In Decatur, Illinois, a headquarters city for such big companies as Caterpillar, Staley and Archer-Daniels-Midland, there has been a quiet upsurge of strikes and labour unrest as workers claim they are forced to work double and triple shifts of overtime, because companies refuse to hire people to keep up with production demands.

The same complaints of insufficient workforces and mandatory overtime caused a surprise strike last week at a key General Motors plant in Flint, Michigan. Earlier, Allegheny Ludlum steel plants were struck after some employees were scheduled to work 146 hours over two weeks without any control over their shifts.

Capacity utilisation rates that are the highest since 1989 and tightening labour markets in almost all regions are two strong reasons why the US Federal Reserve Board will almost certainly raise short-term interest rates after the November mid-term elections. Last week, the Fed's key policy committee decided not to raise rates while it gathered more data on surging capacity, which has been dominated by vehicle production. However, the Fed's own internal reports provide enough anecdotal evidence of inflationary pressures to ensure higher rates are only a matter of time.

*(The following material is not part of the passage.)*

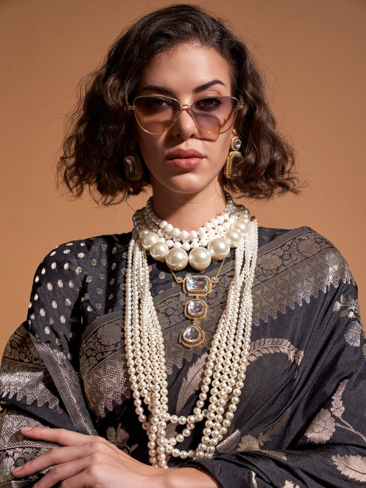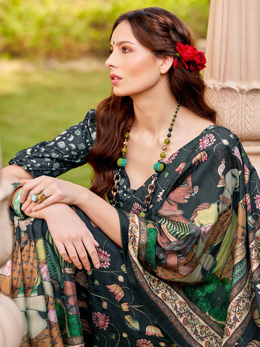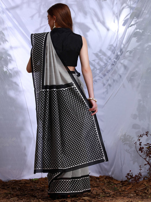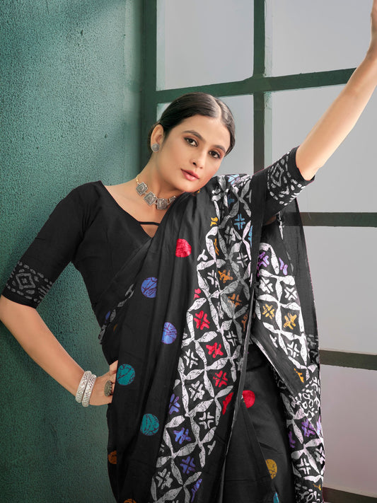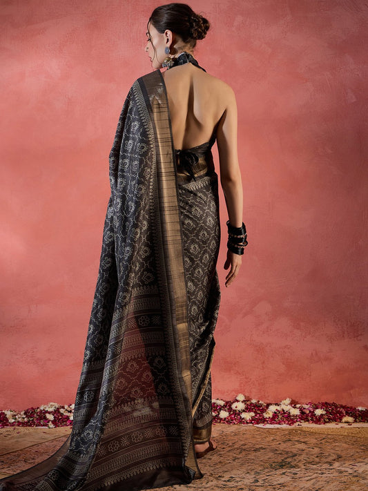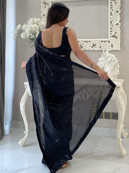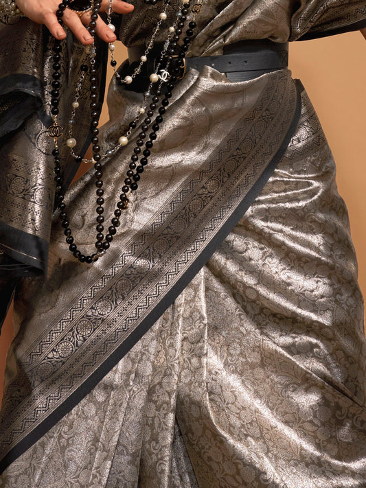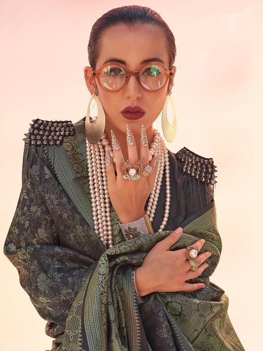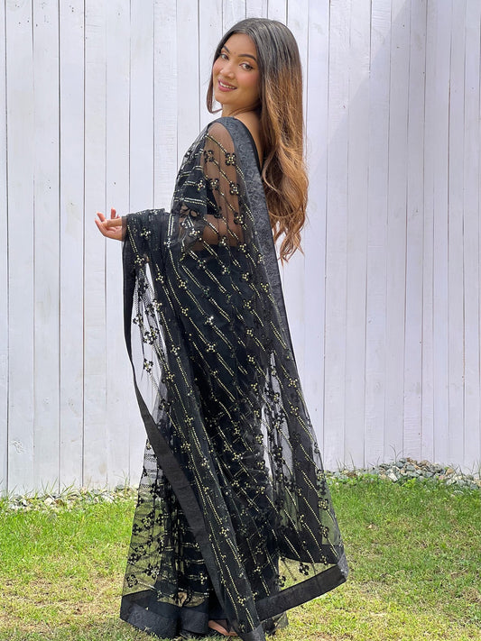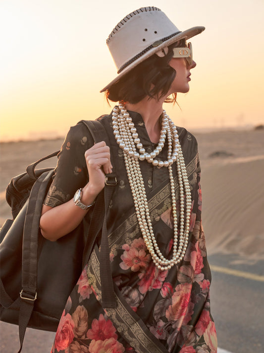 Regal Black Sheer Chiffon Floral Motifs Saree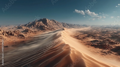 desert, sand, dune, ripple, mountain, rocky, dry, arid, landscape, terrain, nature, wilderness, exploration, sunlight, shadow, sky, heat, geology, scenic, travel, texture, earth, formation, wild, environment, ridge, canyon, timeless, background, orange, warm, pattern, dirtied, natural, peaceful, horizon, sunrise, surface, barren, ground, expanse, solitude, minimal, vista, climate, dusty

The key unknown in an otherwise rosy economic picture is the position of US labour in an era of shrinking unions, unprecedented restructuring and rapidly changing industrial relations. The trauma of the 1980s, marked by idle factories, layoffs and short work shifts, resulted in a more quiescent US workforce made up of people like Mr Koscewski, who scrambled for almost any job. Meanwhile, corporations grew leaner, embraced more just-in- time manufacturing techniques and re-engineered themselves to spread more work among fewer employees.

Now that the US business cycle is again in full bloom, with 14 quarters of growth and almost certain to expand into a fifth year, many workers expect the traditional to occur. That would mean extensive hiring, but large US companies, citing high productivity gains, have stated adamantly that the old ways are gone for good. By maintaining lean workforces, paying overtime instead of healthcare, training costs and other benefits for new workers, and instituting flexible schedules, US corporations have outperformed their European and Japanese counterparts. As a consequence, US productivity has risen dramatically and unit labour costs are much lower. The big question is whether workers will stay on board.

Last week, the Wall Street Journal profiled a group of worn-out workers who mirror the unrest that may be building. For example, James Walters, an Allegheny-Ludlum employee, was made to work 42 days in a row last year or face redundancy. He missed family weddings, funerals, his daughter's graduation from university and many abruptly cancelled outings with his wife. 'I am as flexible as anybody but I want the company to realise that I also have a life to live,' he said.

So far this year, the 12.4 million US manufacturing workers have been sustaining on average 41.4-hour work-weeks - a level not seen since the weapons-producing frenzy of the Second World War. In addition, manufacturing workers are averaging almost five hours of overtime a week, up 34 per cent from 1990. While many are as addicted to overtime as are their companies, most want the right to refuse it when it interferes with important personal events. Therein lie the seeds of potential industrial conflict.

Generally speaking, the US economy's composition is the most favourable since the long expansions of the 1960s and 1970s, but with the added boost of much lower inflation than in the 1970s. If, as expected, the Fed moves in late November or December to squash inflationary pressures with another rise in short-term interest rates, the consensus is that the current US expansion is poised for a much longer life expectancy than is usual.

This would result from a variety of factors, notably that the economy did not begin to experience supply constraints until this year and that recovery has proceeded at a moderate pace compared to past cyles, which required tougher tightening measures. Finally, the global economy is entering its most broad-based expansion since the First World War, with new growth centres in China, Latin America, Eastern Europe and elsewhere. Thus there are favorable internal and external signs for the US economy. The one largely unexplored component is the labour force itself.